# Any lessons learned??



## cda (Oct 16, 2017)

i know California has been having wild fires even before california was California

Any lessons learned from this one???

Watch the video 

http://m.mysanantonio.com/local/article/Watch-as-Berkeley-firefighters-arrived-in-Santa-12279786.php


Just wonder why some commercial buildings burned?


----------



## steveray (Oct 16, 2017)

We should makes houses illegal in California...Those things are dangerous!


----------



## mark handler (Oct 16, 2017)

cda said:


> Any lessons learned from this one???


*As I have said before:*
Stop building in wild interface zones
Stop building in Flood Zones


> http://www.bbc.com/news/world-us-canada-41627751
> A 2014 study of residential growth in the state predicted that by 2050 there will be 645,000 homes built in "very high severity" zones.
> Homes and other structures are increasingly being built adjacent to combustible areas of woodland. California law requires any structures in such a position to create 100 ft of "defensible space" - or firebreak - in every direction. But the law is not aggressively enforced, it is left largely up to homeowners to police their own safety measures.
> *Even in the world's most developed country, there is no high-tech solution to a wildfire of this size*.


----------



## mark handler (Oct 16, 2017)

steveray said:


> We should makes houses illegal in California...Those things are dangerous!
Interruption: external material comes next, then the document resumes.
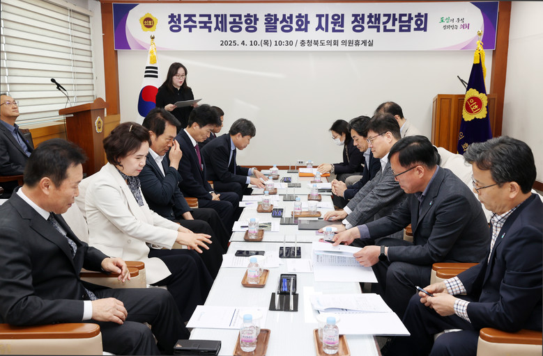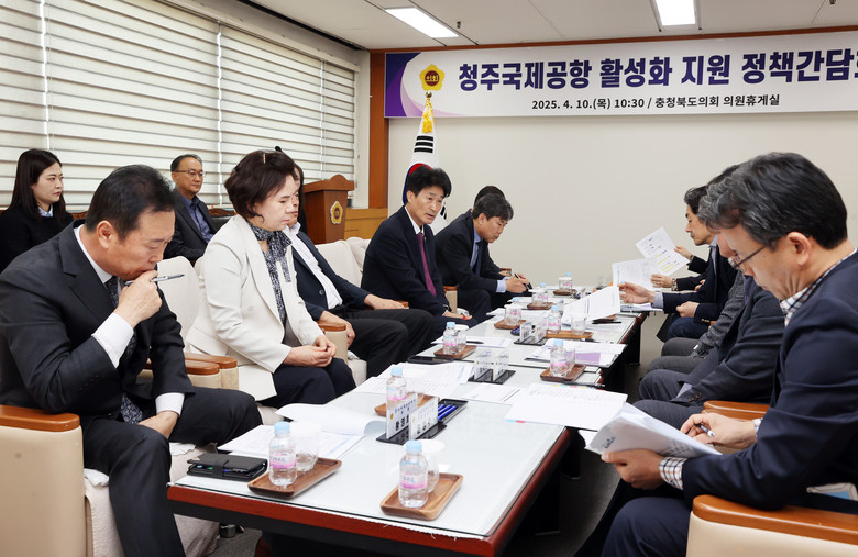 [충북 세계타임즈=이현진 기자] 충북도의회는 10일 도의회 의원휴게실에서 ‘청주공항 활성화 지원 정책간담회’를 갖고 공항 활성화 방안을 논의했다.

As are Hurricanes and Earthquakes, That will eliminate half the US, with tornados taking another 1/3rd.


----------



## SusanGrinstead (Dec 21, 2017)

It is really harmful to have construction in the Flood zone.


----------



## mark handler (Dec 21, 2017)

SusanGrinstead said:


> It is really harmful to have construction in the Flood zone.


Why should the taxpayers and insurance companies continue to pay for flooded properties?


----------



## JCraver (Dec 21, 2017)

mark handler said:


> Why should the taxpayers and insurance companies continue to pay for flooded properties?



One of them shouldn't have been involved from the beginning.  In a non-incorporated area, the government has no business telling a guy where he can build his house.  His bank and his (independent, non-subsidized) insurance company are going to be more than enough headache for him already.  Even in "town", there's still no good reason for the .gov to be backing up insurance co's.


----------



## mark handler (Dec 21, 2017)

JCraver said:


> One of them shouldn't have been involved from the beginning.  In a non-incorporated area, the government has no business telling a guy where he can build his house.  His bank and his (independent, non-subsidized) insurance company are going to be more than enough headache for him already.  Even in "town", there's still no good reason for the .gov to be backing up insurance co's.


Except when the taxpayers are asked to replace it.
Or when it costs taxpayers to sandbag it.
Or when rescuers lives are endangered to rescue the people,

FEMA was the agency that requested the floodplain requirements in the code....


----------



## JCraver (Dec 21, 2017)

Taxpayers wouldn't have to replace it, or sandbag it, if all the four-letter idjits would stay out of it.  Does anyone really understand what business the government, especially the federal government, has setting insurance rates??

Neighbors will help other neighbors stack sandbags, almost every time.  If they can't or won't, you can pay some evil company to come do it for you.  Either way I'm pretty sure you don't need a FEMA guy watching to make sure they do it correctly, or telling you what you should pay them.

We're already off topic, so my apologies, but we'll leave the "rescuers lives are endangered" for another time.



Serious question - are the fires any better out there?  Midwestern local news is not great for updates on such things...


----------